> [Assignment] Restate the full listing word for word; images stay out of it.

☆ ☆ ☆ ☆ ☆ ☆ ☆

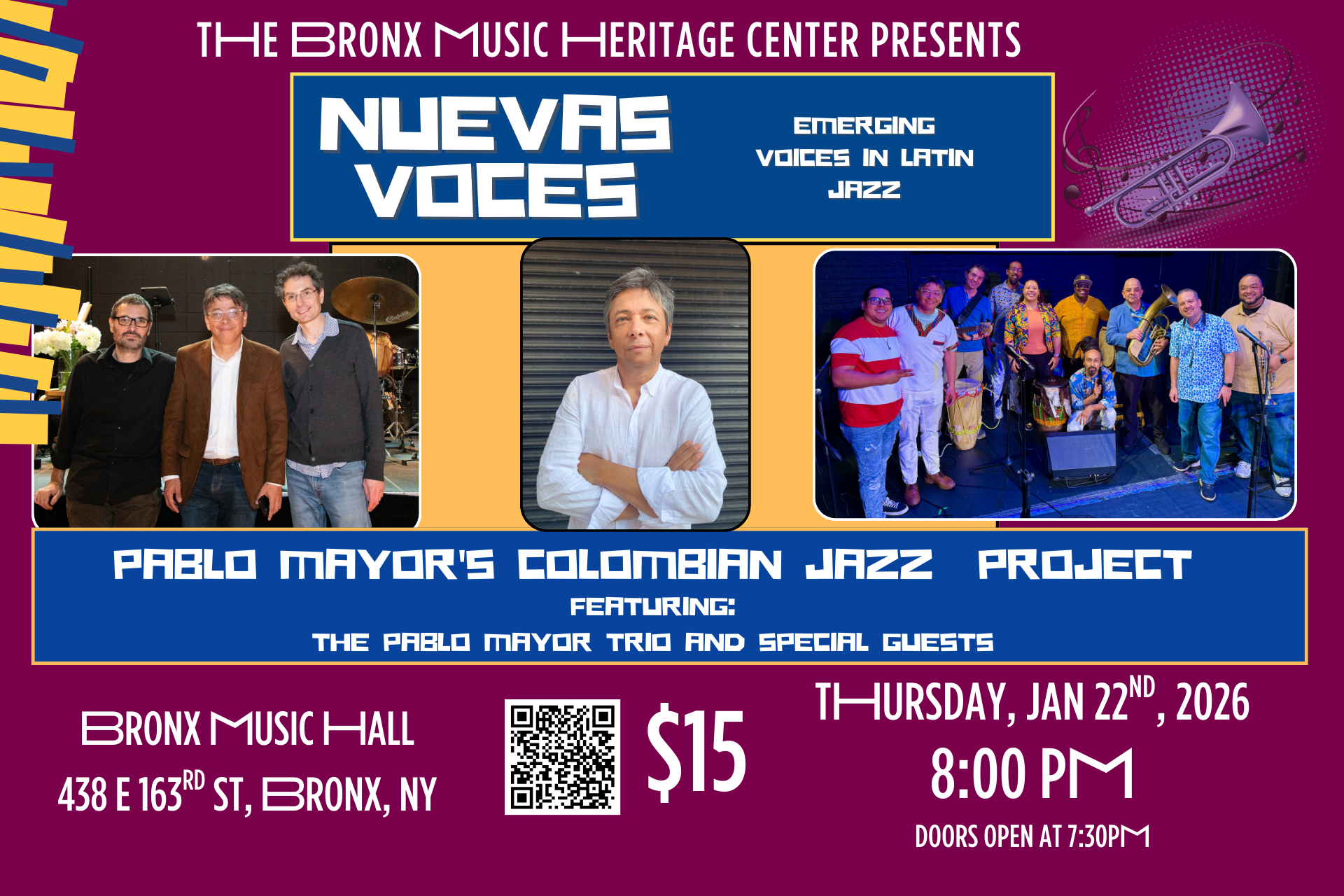Kick off the new year at Bronx Music Hall with Nuevas Voces, led by Grammy-nominated composer, arranger and producer Pablo Mayor. Featuring the Pablo Mayor Trio and special guests, this performance blends Colombian rhythms with contemporary jazz, showcasing a distinctive sound that is rooted in tradition while boldly shaping the future of Latin jazz. Don’t miss an evening celebrating innovation, collaboration and new musical voices.
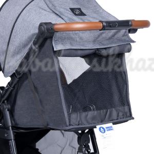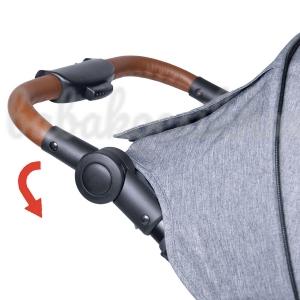 A hátsó panel felhajtható, így a forró napokon kellemes szellőt adhat a kicsinek.
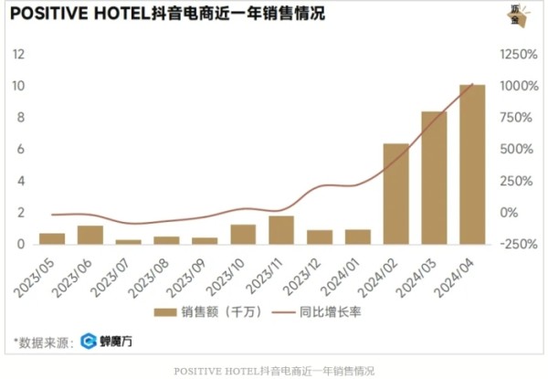 看数据,2023年一年,抖音电商一侧POSITIVE HOTEL营收也只有1~2.5亿元,而2024年仅仅4个月,就超过了2023年的全年。
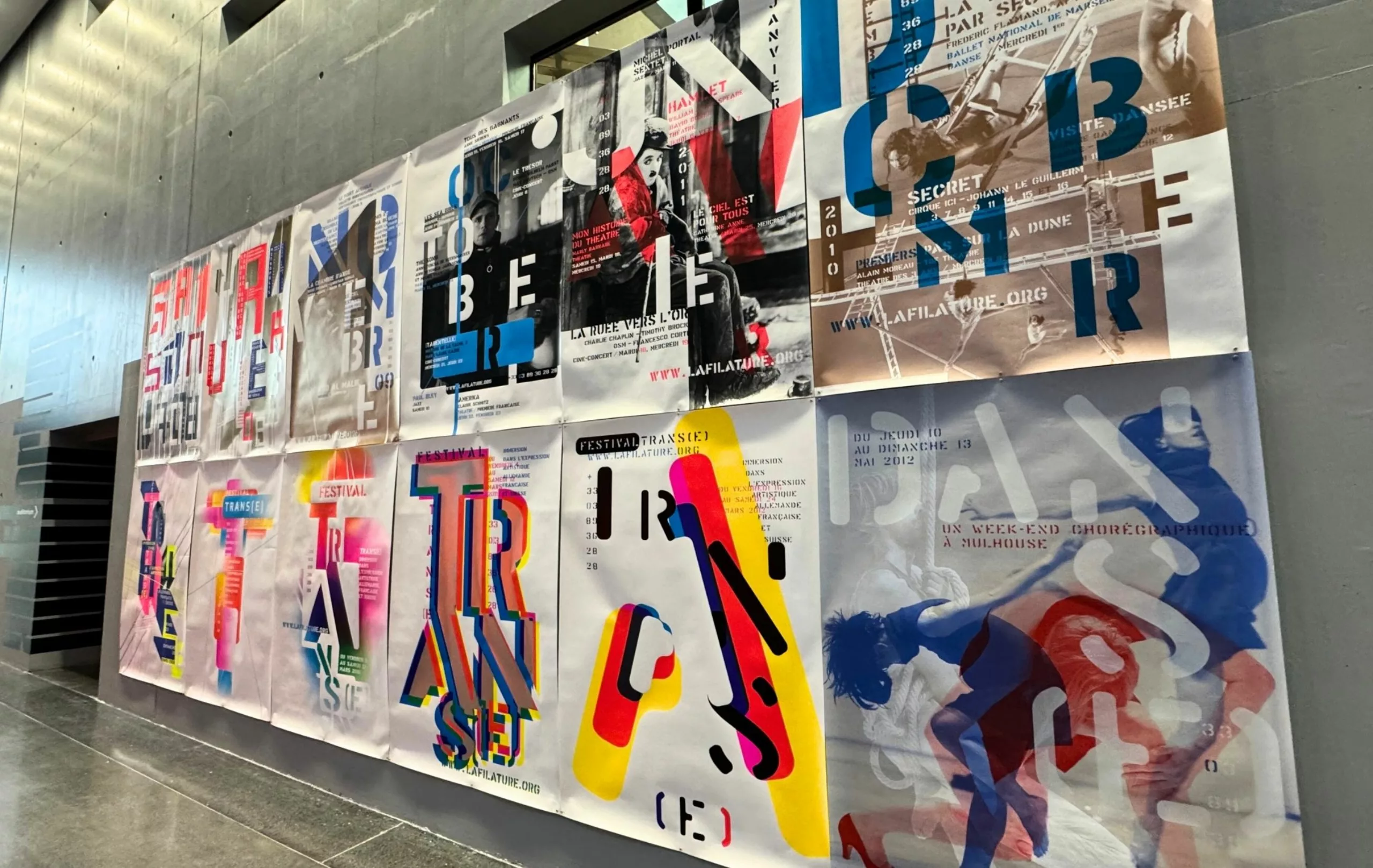 Puis ce sera la Filature, Scène nationale de Mulhouse. Le théâtre est installé dans un ancien bâtiment de filature… Une idée de tissage, métissage, maillage du territoire qui trouvera un écho graphique dans les affiches.
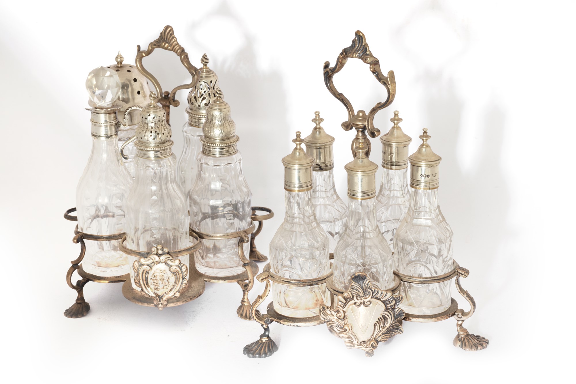 Due oliere in argento con bottiglie in cristallo, Inghilterra secolo XIX
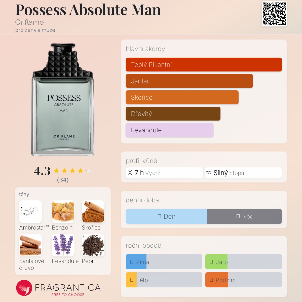 Possess Absolute Man podle Oriflame je Woody Spicy vůně pro ženy a muže. Possess Absolute Man byl/a uveden/a v roce 2023. Vrchní tóny jsou Černý pepř, Kardamom a Tymián; střední tóny jsouSkořice, Levandule a Pelargónie ; základní tóny jsou Ambrostar™, Benzoin a Santalové dřevo.
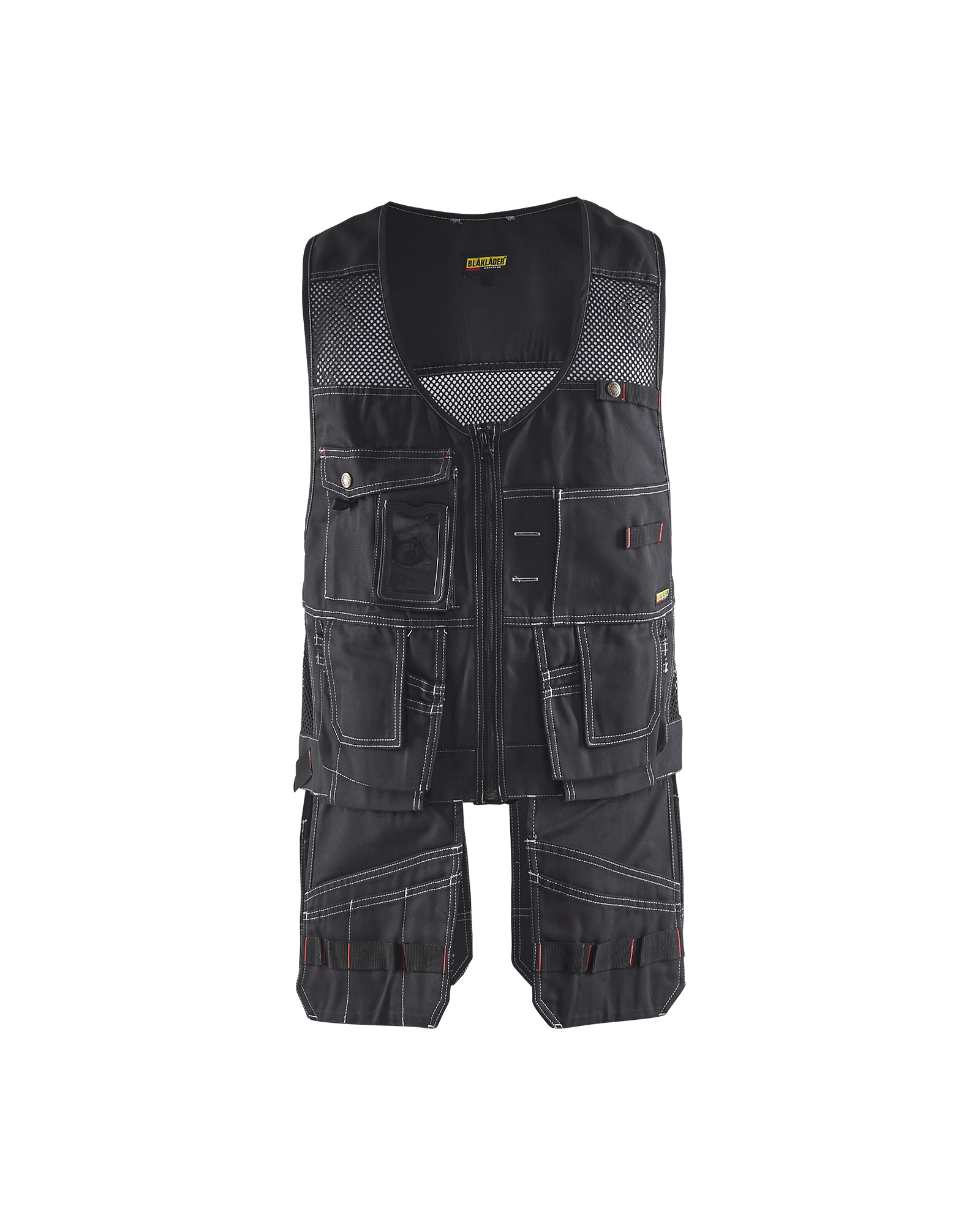 Fordel vægten på overkroppen med en slidstærk vest i polyester og bomuld eller i ren bomuld. Vesten har to brystlommer, en med lås og telefonlomme og en med blyantlomme. To forstærkede sømlommer og to mejsellommer med lås.

☆ ☆ ☆ ☆ ☆ ☆ ☆

> [Solution to the problem]
Kick off the new year at Bronx Music Hall with Nuevas Voces, led by Grammy-nominated composer, arranger and producer Pablo Mayor. Featuring the Pablo Mayor Trio and special guests, this performance blends Colombian rhythms with contemporary jazz, showcasing a distinctive sound that is rooted in tradition while boldly shaping the future of Latin jazz. Don’t miss an evening celebrating innovation, collaboration and new musical voices.
 A hátsó panel felhajtható, így a forró napokon kellemes szellőt adhat a kicsinek.
 看数据,2023年一年,抖音电商一侧POSITIVE HOTEL营收也只有1~2.5亿元,而2024年仅仅4个月,就超过了2023年的全年。
 Puis ce sera la Filature, Scène nationale de Mulhouse. Le théâtre est installé dans un ancien bâtiment de filature… Une idée de tissage, métissage, maillage du territoire qui trouvera un écho graphique dans les affiches.
 Due oliere in argento con bottiglie in cristallo, Inghilterra secolo XIX
 Possess Absolute Man podle Oriflame je Woody Spicy vůně pro ženy a muže. Possess Absolute Man byl/a uveden/a v roce 2023. Vrchní tóny jsou Černý pepř, Kardamom a Tymián; střední tóny jsouSkořice, Levandule a Pelargónie ; základní tóny jsou Ambrostar™, Benzoin a Santalové dřevo.
 Fordel vægten på overkroppen med en slidstærk vest i polyester og bomuld eller i ren bomuld. Vesten har to brystlommer, en med lås og telefonlomme og en med blyantlomme. To forstærkede sømlommer og to mejsellommer med lås.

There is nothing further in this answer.